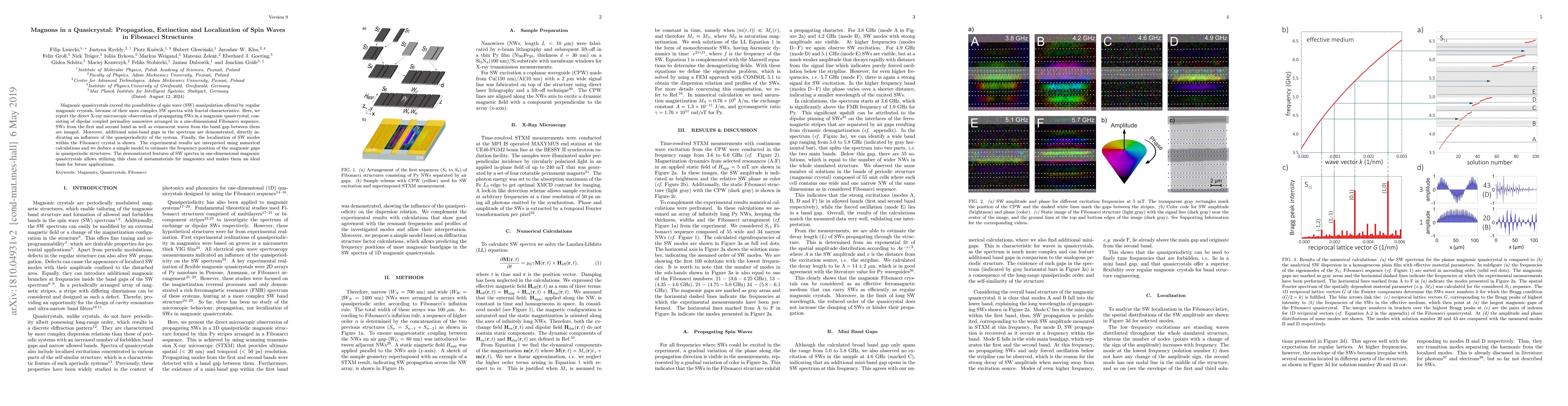 Magnonic quasicrystals exceed the possibilities of spin wave (SW) manipulation offered by regular magnonic crystals, because of their more complex SW spectra with fractal characteristics. Here, we report the direct x-ray microscopic observation of propagating SWs in a magnonic quasicrystal, consisting of dipolarly coupled permalloy nanowires arranged in a one-dimensional Fibonacci sequence. SWs from the first and second band as well as evanescent waves from the band gap between them are imaged. Moreover, additional mini-band gaps in the spectrum are demonstrated, directly indicating an influence of the quasiperiodicity of the system. The experimental results are interpreted using numerical calculations and we deduce a simple model to estimate the frequency position of the magnonic gaps in quasiperiodic structures. The demonstrated features of SW spectra in one-dimensional magnonic quasicrystals allows utilizing this class of metamaterials for magnonics and makes them an ideal basis for future applications.
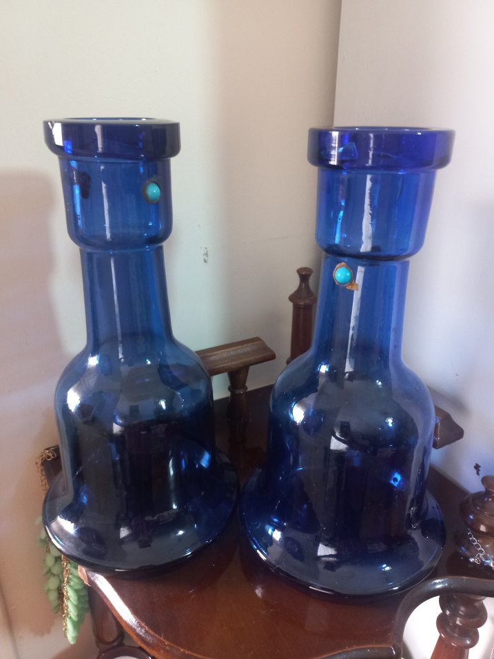 Koyu mavi camdan yapılmış, geniş tabanlı ve dar boyunlu iki vazo seti. Her biri küçük turkuaz süslemeye sahip.
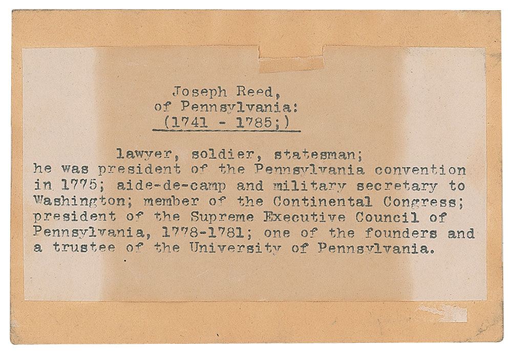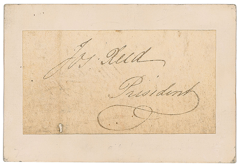 A president of the Continental Congress and signer of the Articles of Confederation (1741-1785) who also served as Washington's aide-de-camp during the Revolutionary War. Ink signature, "Jos. Reed, President,” on an off-white 5.25 x 3.5 sheet affixed to a slightly larger card. In very good to fine condition, with light overall soiling, and a small hole at the lower edge. From the collection of Dr. Lawrence E. Miller.
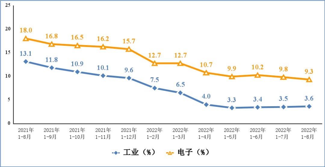 1—8月份,电子信息制造业固定资产投资同比增长18.7%,比同期工业投资增速高8.2个百分点,但比高技术制造业投资增速低4.3个百分点。
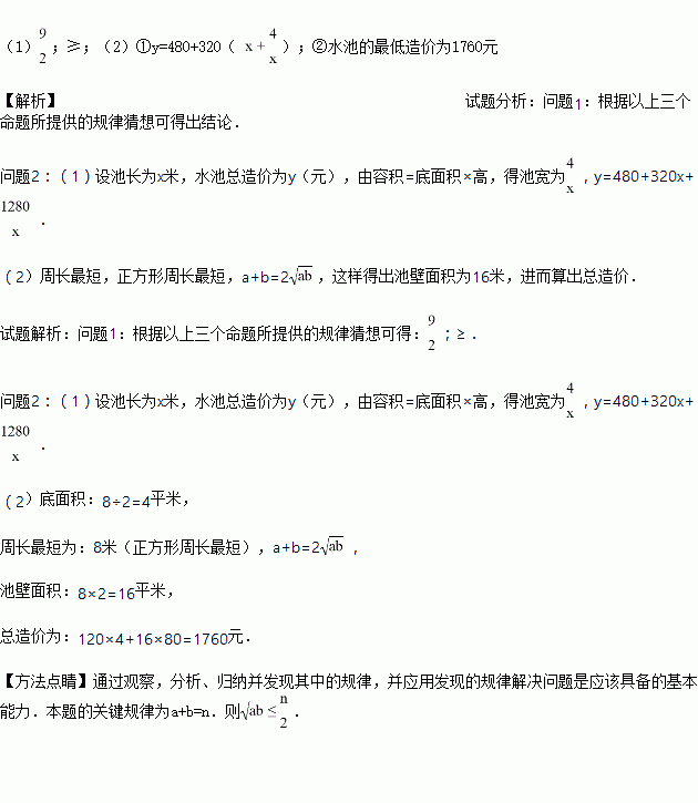(2)应用“问题1”题中的规律,求水池的最低造价
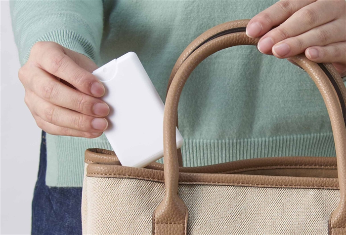 アルコール75%配合。ワイシャツの胸ポケットやズボンのポケットにも入れやすいフラットタイプなのでビジネスパーソン向けにおすすめです。この他にブラックもございます。
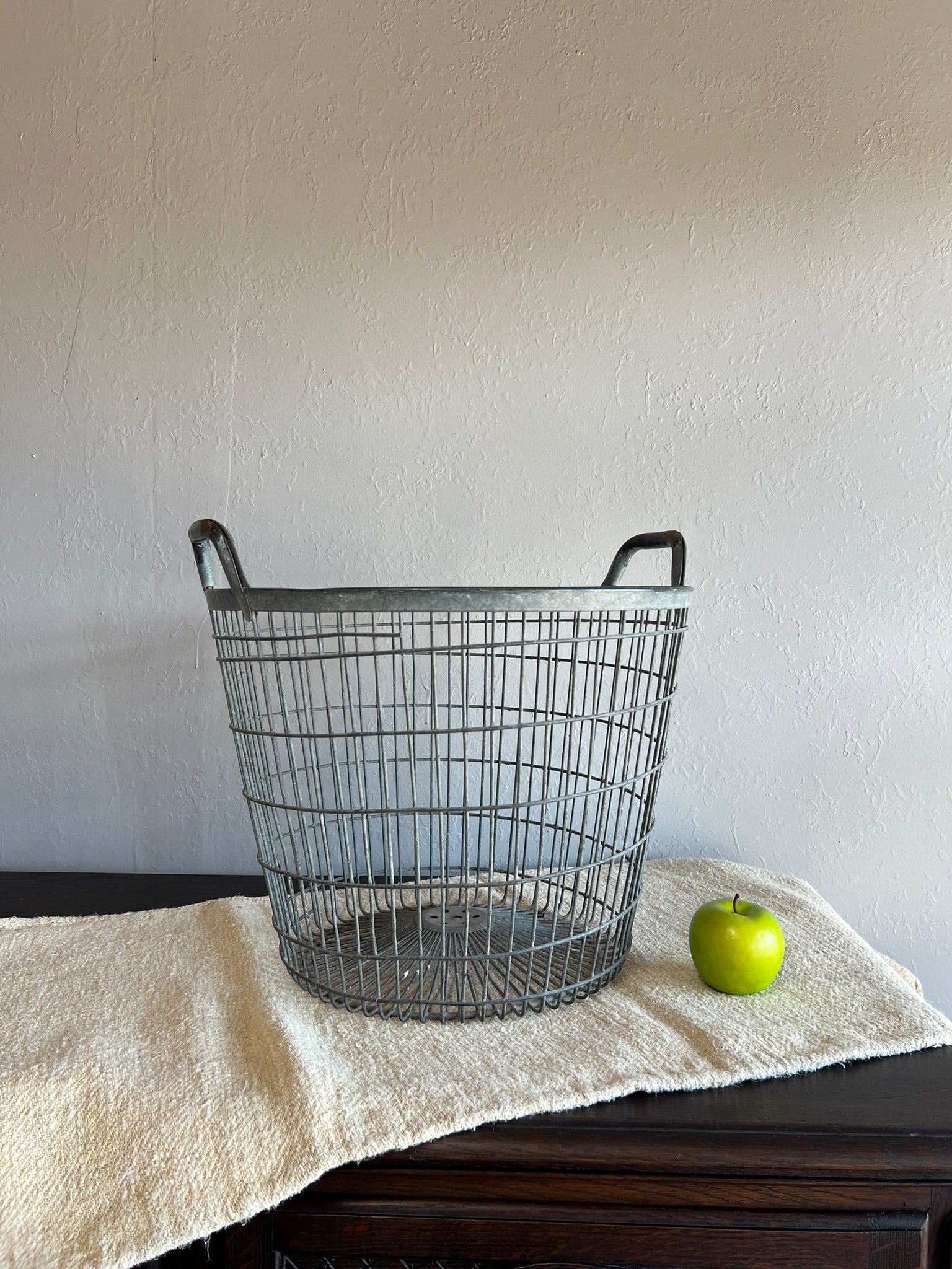Authentic vintage Hungarian metal apple basket, once used in European orchards. Its sturdy wire frame and rustic patina make it perfect for farmhouse storage, holding blankets, firewood, or produce. A versatile decorative accent that brings timeless charm and function to any home.
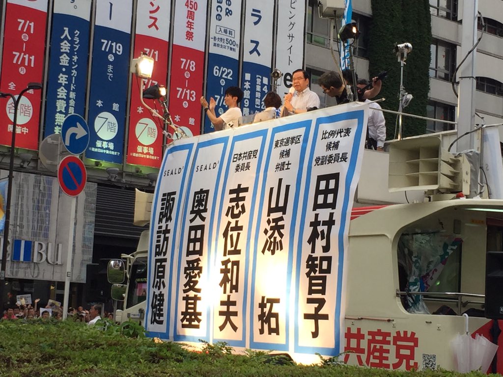 #JCPspeech @池袋東口 18:00~ 志位和夫・山添拓・田村智子・奥田愛基&諏訪原健 from SEALDs I 山添 拓 参議院東京選挙区候補 日本共産党http://www.yamazoetaku.com/schedule/1035 pic.twitter.com/h6CFKcYMHk
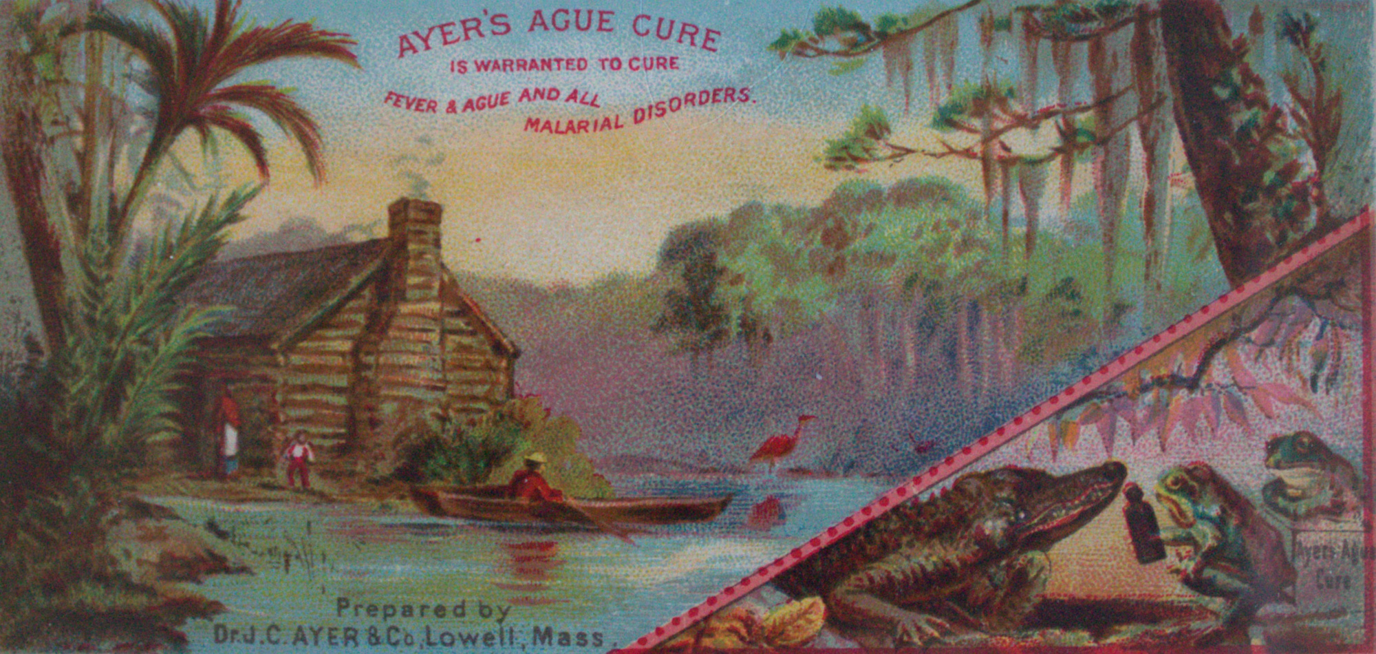 Trade card for Ayer's Ague Cure depicting a log cabin on a lake. Frogs offer medicine to an alligator in the lower right corner.
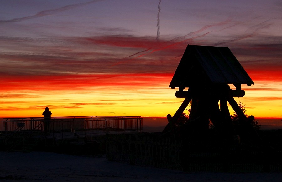 wir waren heute Morgen mal wieder auf dem Fichtelberg mit ein letztem bisschen Resthoffnung auf Eisnebelhalos. Die gab es natürlich nicht. Aber der Fichtelberg wäre nicht der Fichtelberg, wenn er uns mit leeren Taschen wieder heim schicken würde. Insofern zauberte er am Anfang ein schönes Morgenrot, welches sich bis in den Südwesten erstreckte.
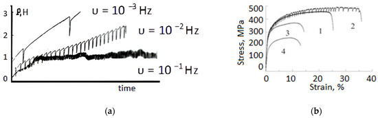 - Zuev, L.D.; Gromov, V.E.; Kurilova, I.F. Mobility of dislocations in single crystals of Zn under the action of current pulses. DAS USSR 1978, 239, 84–87. (In Russian) [Google Scholar]
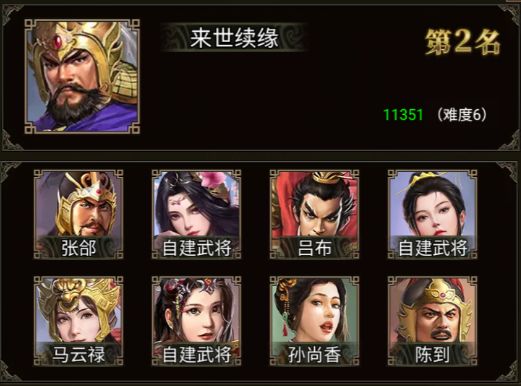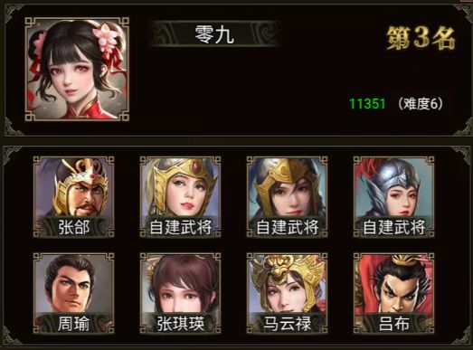 张郃、周瑜、张琪瑛、马云禄、吕布、孙尚香、陈到和三位自建武将
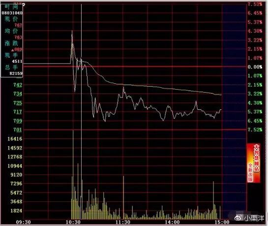 2、股价线与均价线的距离拉的较远。
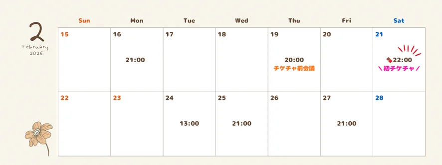 \ 2月21日(土)22:00〜初チケチャ🤎/
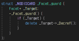 내부에 facet 관련 구조체로 자신을 가리키는 포인터와 참조 카운터를 갖고 있는다.
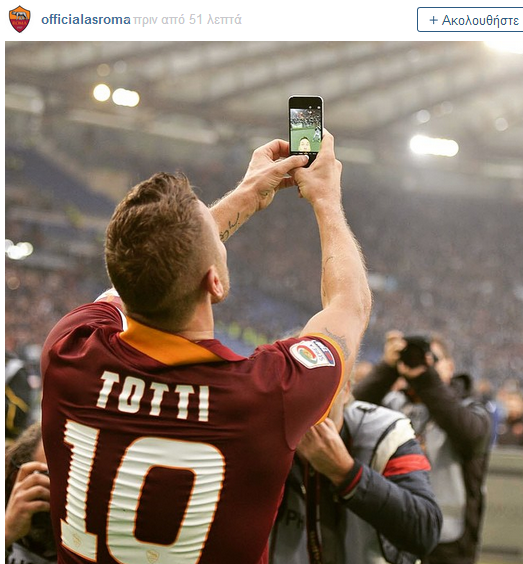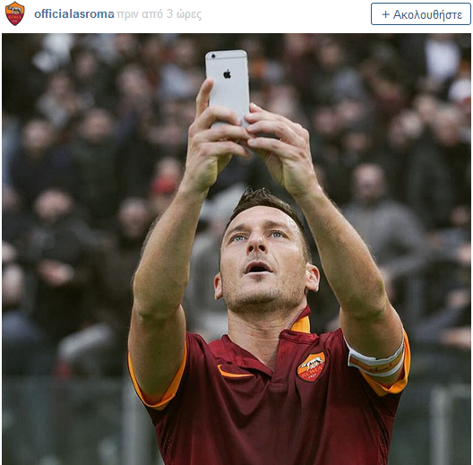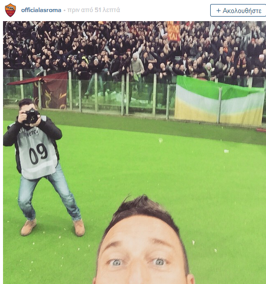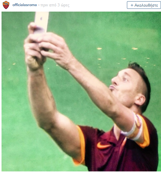 Πρώτο θέμα είναι στην Ιταλία αυτή την στιγμή η selfie του Φραντσέσκο Τότι μετά το δεύτερο γκολ που σημείωσε ο αρχηγός της Ρόμα στο ντέρμπι με την Λάτσιο.

_____

What to do: Leaving out each picture, repeat exactly the lines above from the one that contains "1—8月份,电子信息制造业固" through the one that contains "アルコール75%配合。ワイシ".

Task output:
 1—8月份,电子信息制造业固定资产投资同比增长18.7%,比同期工业投资增速高8.2个百分点,但比高技术制造业投资增速低4.3个百分点。
(2)应用“问题1”题中的规律,求水池的最低造价
 アルコール75%配合。ワイシャツの胸ポケットやズボンのポケットにも入れやすいフラットタイプなのでビジネスパーソン向けにおすすめです。この他にブラックもございます。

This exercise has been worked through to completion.